Today the smoke from the Washington and Oregon wildfires hit us. It was rather surprising to walk outside and see such haze, and to smell the smoke. When I stepped into my front porch, this sight greeted me:
I was slightly unsettled to enjoy the smell of the burning wood. The sweetness reminded me of camping, and big fires over which we roasted marshmallows and popped those things of Jiffy Pop not meant to be used over open fire.
But at the same time, I realized that this fire is burning homes to the ground. Millions in property damage has happened, and three firefighters’ lives were lost two days ago. In addition to the National Guard and firefighters from overseas, for the first time in Washington’s state history, civilian volunteers were asked for, especially those who could operate heavy machinery, such as bulldozers and back hoes, to help create a firebreak. If I remembered how to operate them (I used to play with them at a job I had where driving forklifts was a part of the job, and other machines were used like toys in our downtime), I’d be out there. The temptation is strong to go anyway.
The air quality today reached very unhealthy levels in the region. My husband had a hard time breathing. My daughter’s eyes burned. I was fine, thanks to enough time spent camping that smoke doesn’t affect me. But many, many people were experiencing ailments from it all. One of my friends had to leave work early. Others reported needing inhalers.
Something about today reminded me of another large fire I was fairly close to nearly 25 years ago. Some of you may remember if, and others will have never heard of it. In what came to simply be called the Oakland firestorm of 1991, the skies seemed to rain fire.
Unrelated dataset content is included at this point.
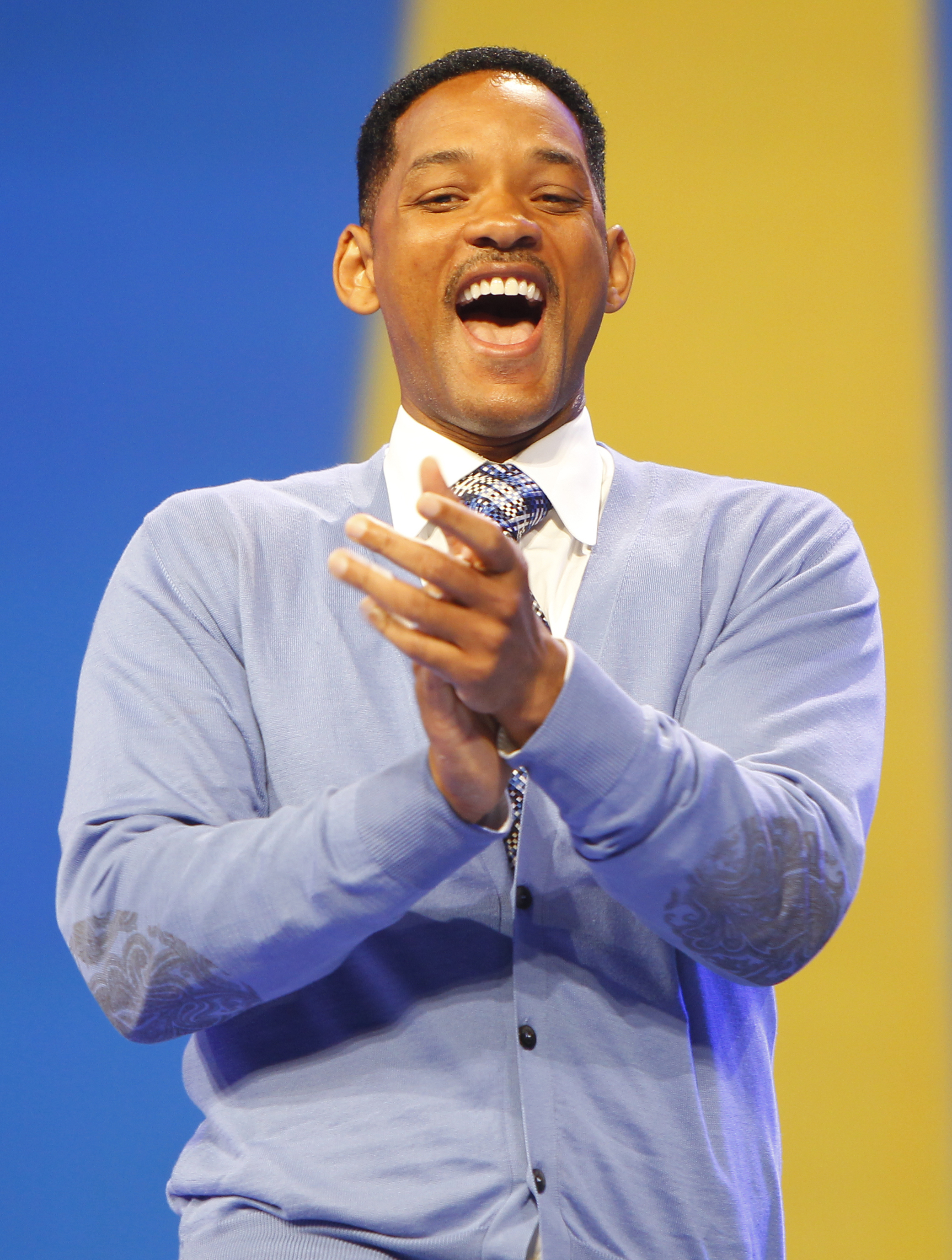 Actor Will Smith lights up the stage as he hosted the 2011 Walmart Shareholders Meeting.

High winds kicked up flaming debris, and let it down in new places, causing new fires to pick up. So many things went wrong in fighting the fire, everything from the narrow walkways into the hills making accessing homes difficult, to the hydrants having outlets that were incompatible with the hoses. Thousands of homes were lost, as well as 25 lives. Watching all this on TV, hoping it didn’t managed to reach us an hour away, both cemented a fear of fires in me and made me love fire out of respect for what it could do. I was too young to remember the house fire that nearly killed my dad, leaving that fire as the first large one in my own memory.
I think the difficulty containing the fires in the Pacific Northwest is what’s making me think of Oakland. In California, wildfires are more or less business as usual and are expected. So those fires weren’t any major concern to me personally (though I’m sure those with homes affected would want to punch me for saying that). But these fires, 49 of then between large and smaller, are proving a challenge due to a lack of manpower.
I ran a couple errands later this afternoon. There was this palpable feeling in the air of avoidance. Though others and I would glance outside periodically at the first store, no one mentioned the fires. Speech would halt, as if someone edged too close to the four-lettered f-word that’s replaced “fuck” for the day. Talking about the fire was like bad luck, perhaps a jinx of the hope of a soon containment.
While driving, I started directly at the fiery red sun, surprised that I could look right at it without going blind. The smoke was that thick in the air still.
As the evening went on, the sky cleared up enough for me to take a photo of the moon.
Who knows what tomorrow’s going to bring for the fires. For me? I’m going to do my best to force it from my mind so I can get work done. We are definitely in for weeks more of fires, and so much march onward while the fighters do their work.